Data: Look for historical IPO data that includes the company's industry sector (verticals). Sources like telecommunications, financial websites or market research firms might offer this data.
Analysis: Analyze which industry sectors have a higher success rate (positive returns for investors post-IPO). This could involve calculating average returns by sector over a specific period.
2. Smart Comparison with Existing Stocks:

Data: We'll need financial data for both IPO companies and their established competitors. This data could include metrics like Price-to-Earnings (P/E) ratio, revenue growth, and market capitalization. Public financial databases or financial news websites can be sources for this data.
Analysis: Compare the valuation (e.g., P/E ratio) of the IPO company to its established competitors. Look for companies with a strong track record, but a lower valuation than their peers.

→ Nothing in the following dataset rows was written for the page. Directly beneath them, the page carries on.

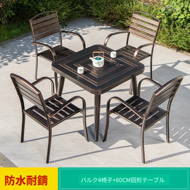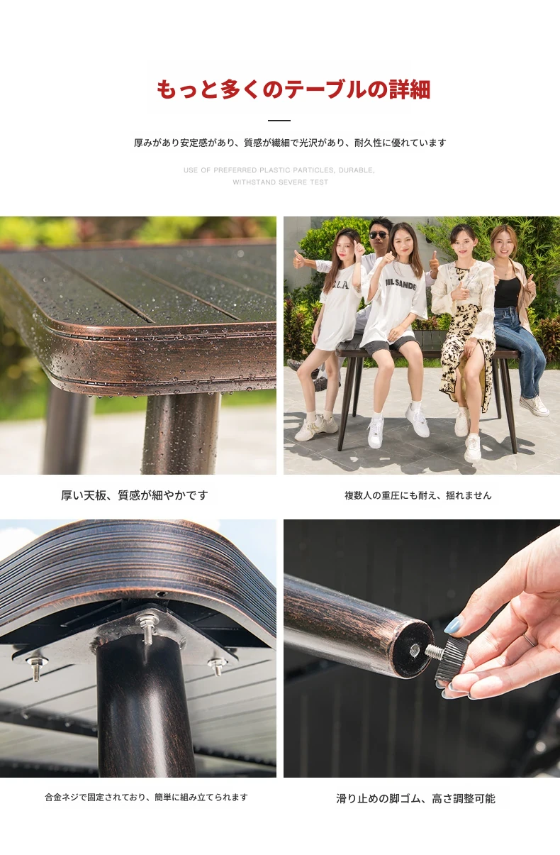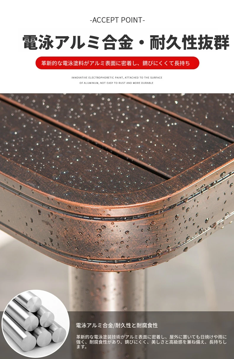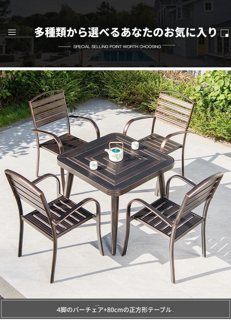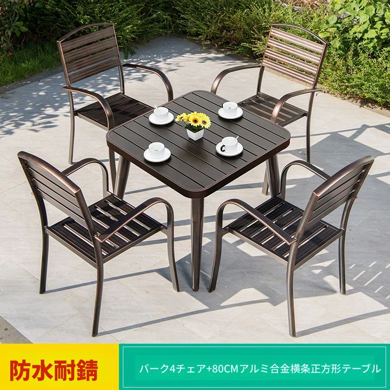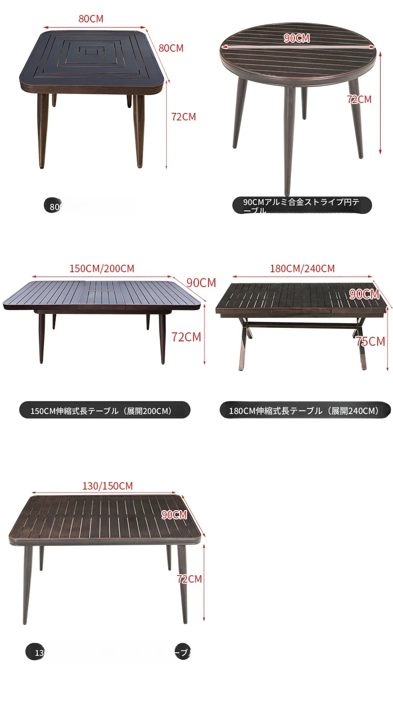 4+1【80cmアルミ合金横条方卓】 4+1【80cmアルミ合金横条方卓】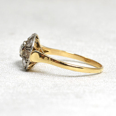 それを取り巻く8石のダイヤはスクエアカットです。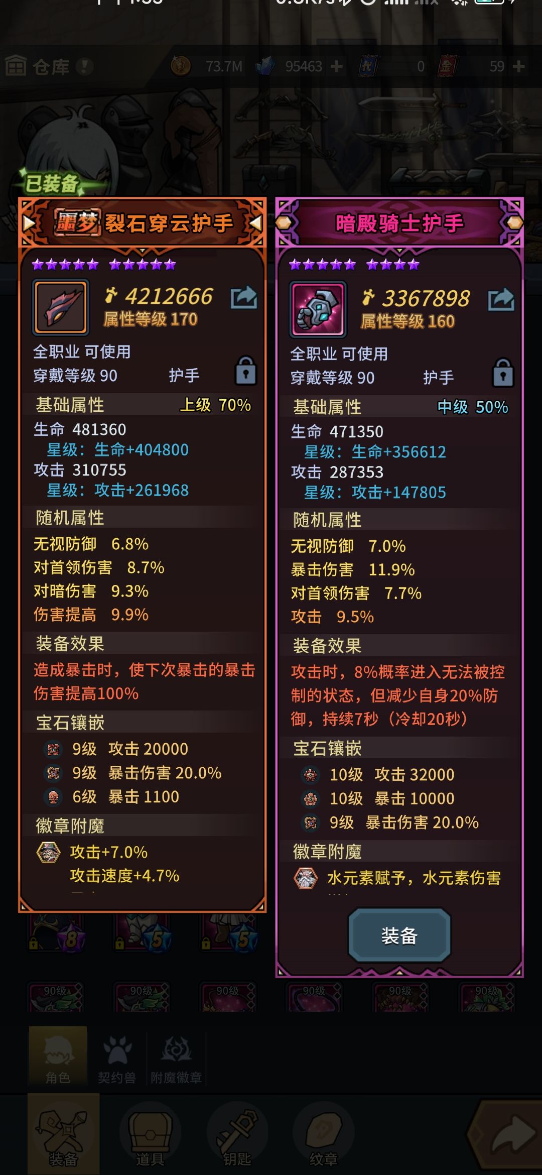 人物需要高攻速和老版本装备暗殿骑士手,高攻速触发护手的特效,鲨鱼减护手冷却时间让人物有大量时间输出。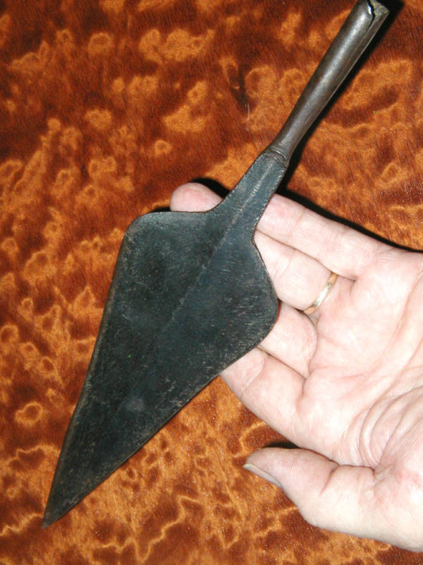 Picked this up last week. The spear head seems very well made but is on the petite side maybe some kind of hunting spear? I just had a look at some of my other pics and think this could be a Tetela spear? Notice the similarity when compared to this dagger. Comments welcome.

This might indicate higher future growth potential for the IPO.
3. Focus on Company Fundamentals (beyond size):

Data: Look for IPO prospectuses, financial statements, and news articles. These can provide insights into the company's:
Revenue and Profit Growth: Look for companies with consistent and sustainable growth in revenue and profits.
Market Opportunity: Analyze the total addressable market (TAM) for the company's product or service. A large and growing TAM indicates significant potential for future growth.

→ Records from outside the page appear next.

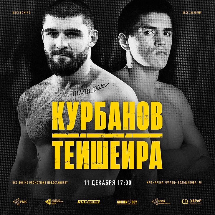 Боксер Академии единоборств РМК, второй номер мирового рейтинга WBO в первом среднем весе Магомед Курбанов (22-0, 13 КО) и четвертый номер рейтинга Патрик Тейшейра (31-2, 22 КО) проведут бой за титул WBO International. Контракты подписаны с обеих сторон — поединок возглавит шоу RCC Boxing Promotions, которое запланировано на 11 декабря в Екатеринбурге.
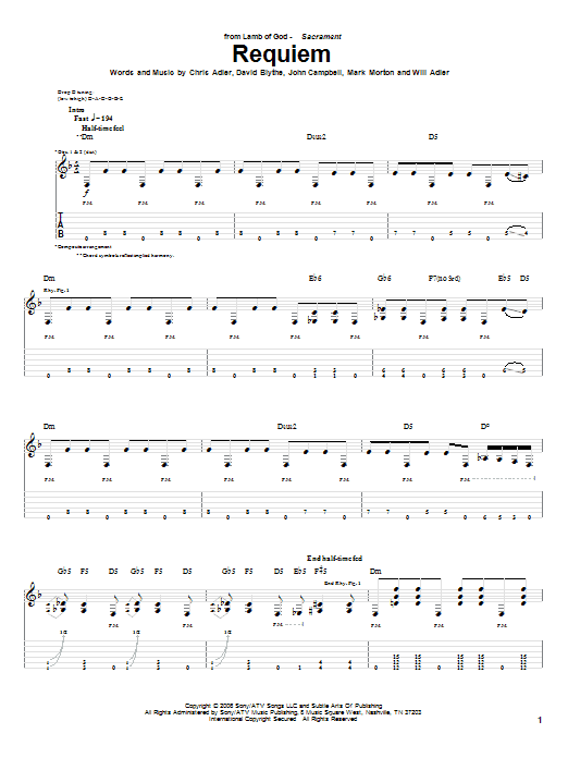 Download or print Lamb Of God Requiem sheet music, chords and digital score arranged for Guitar Tab. This Metal score includes 12 page(s).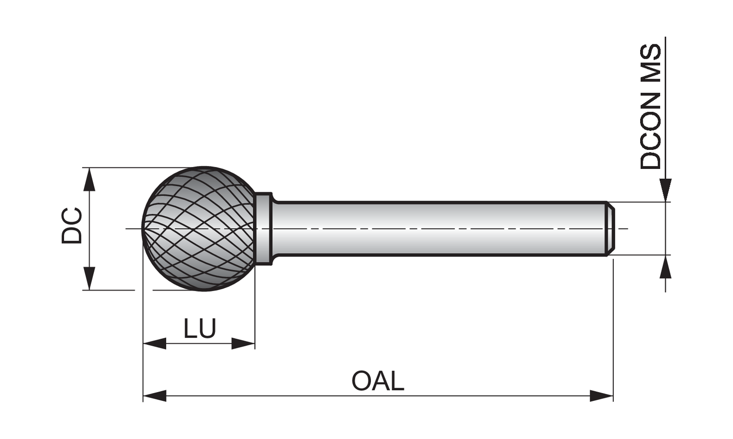 Ball burr (D shape), diameter 6.3mm with 5mm length of cut, 38mm overall length and 3mm shank, carbide tipped with toughened and hardened steel shank and bright finish, DC double cut flute style with close spaced edges for intricate carving, metal engraving and welding preparation in steel and cast steel, stainless steel, cast-iron, copper or copper alloys, high-temperature alloys, hardened materials

Competitive Advantage: Does the company have a strong moat, a competitive edge that protects it from rivals? This could be brand recognition, intellectual property, or a unique technology.
Management Team: Evaluate the experience and track record of the management team. A strong leadership team is crucial for navigating future challenges and growth.
Bypassing "Total Number of People":

While the total number of employees might be interesting, it's not a strong indicator of a successful IPO. Instead, focusing on the quality and experience of the team is more relevant.